Екатерина Сушкова - Записки Страница 64
Екатерина Сушкова - Записки читать онлайн бесплатно
Но внучка княжны Монморанси, ученица мамзель Фоминой, обнаруживает решительное незнание своей прабабушки и ее поколения, и я взяла смелость войти в некоторые подробности, потому что в ее описании искажены не только лица, но и достойная всякого уважения русская старина[203].
В настоящем ли виде представлены даже отец и мать сочинительницы?..
У меня нашлось ее письмо из Венеции (от 8/20 мая 1852). Списываю и подчеркиваю слова подчеркнутые ею. «Tu me dis chére Lise que tu m’enverras tout ce que je te demanderai, — la seule chose qui nous manque et que tu m’offres, c’est du thê — et je t’en embrasse de grand coeur. Mais ce qui me rendrait heureuse, c’est si tu pouvais obtenir de N. N, de te donner mon malheureux cahier copie ou original, c’est êgal. j’y tiens beaucoup, dans mes moments perdus j’ècris mon histoire, la mémoire ne suffit pas quand tant d’années ont passé dessus je me souviens de ce que j’ai éprouvé, mais dans cette si courte periode de ma vie il у avail des mots, des gestes que je u’ai compris qu’après et que je ne puis rassembler — ради бога, душа моя Лиза, сделай мне это одолжение, достань мне мою тетрадь — во что бы ни стало».

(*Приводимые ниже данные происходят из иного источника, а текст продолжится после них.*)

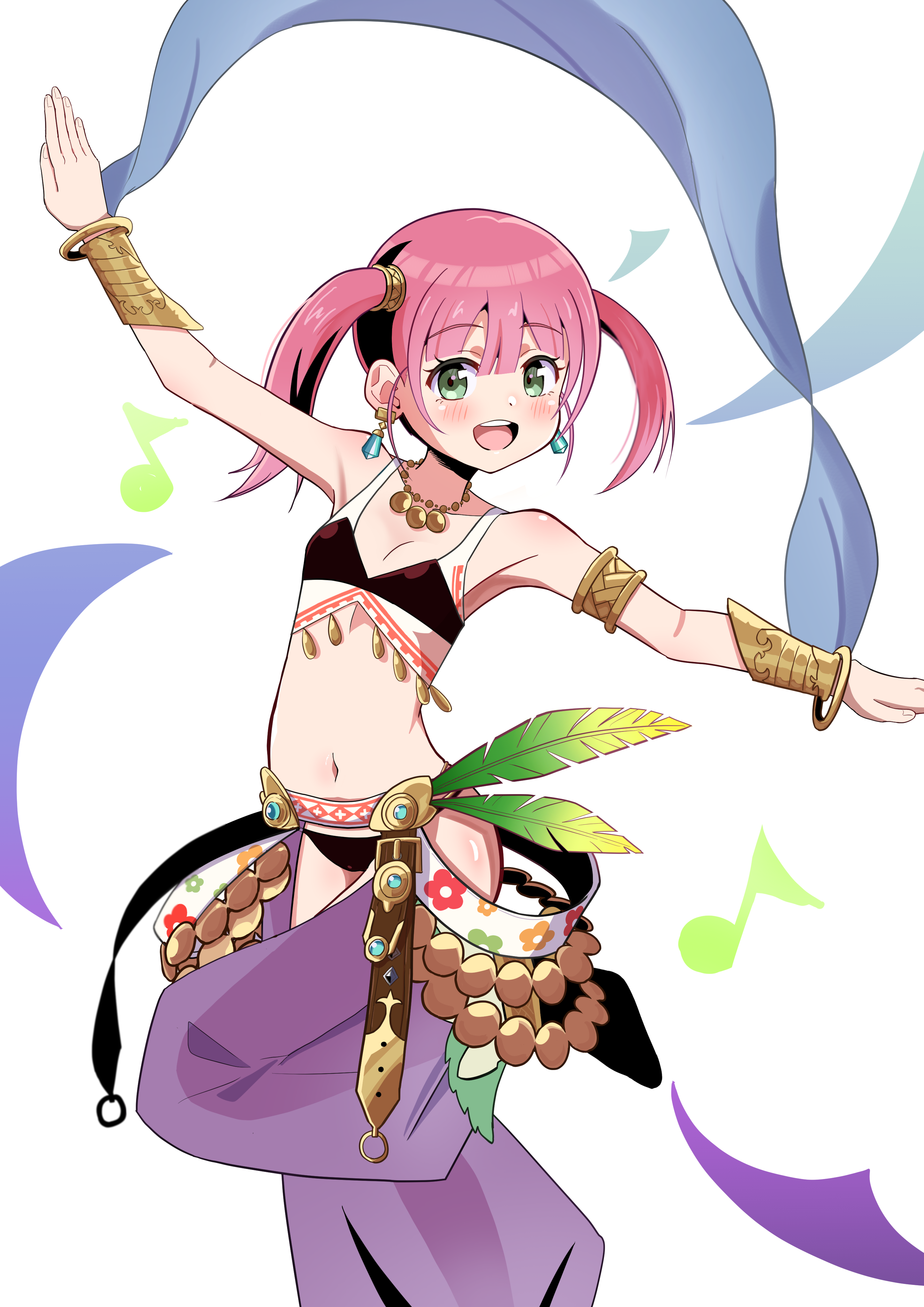 1girlbeltbikiniblushbraceletdancerearringsfeathersflat chestgreen eyesgreen feathersjewelrymusical notenavelnecklaceopen mouthpink hairred bikiniscabbardsheathsmilesolostandingstanding on one legswimsuittwintailswhite background

Мне не удалось выполнить ее просьбы.
Но письмо это доказывает, что она писала от нечего делать, многое перезабыла и тогда; желая же дополнить словечками и жестами портрет занимательной для нее личности, верно никак не предполагала, что ее строки, от безделья ложившиеся на бумагу, дадут г. Семевскому повод причислить ее родного отца — без обиняков — к типу изверга Куролесова!..[204]
Простой здравый ум наших предков давно заметил: «каков в колыбельке, таков и в могилке». Эту древнюю русскую пословицу французы XIX века выражают так: «Дитя — вот отец будущего человека».
Англичане же до того убедились в этой истине, что смотрят на ребенка, как на истого человека, только в миниатюрном виде, и для осязательного изображения врожденного характера и духа человека часто начинают свои романы с детства героев и героинь.
Дядя Н. В. Сушков передал мне, несколько лет тому назад, одну черту характера моего отца в его детстве. Рассказчику было тогда лет шесть, отцу моему лет восемь или девять. Их мать умирала от рака в груди. Сын ее Саша, идя по соседней комнате, поскользнулся и упал. Часа через полтора его взыскались и нашли лежащим на полу, на том же самом месте и с вывихнутой ногой. Не имея возможности ни встать ни проползти, претерпевая жесточайшую боль, не позволив ни себе малейшего стона, чтобы не потревожить матери, он пролежал недвижимо и безгласно пока другие, спустя столько времени, нашли его, подняли, унесли. — Вот отец ребенком.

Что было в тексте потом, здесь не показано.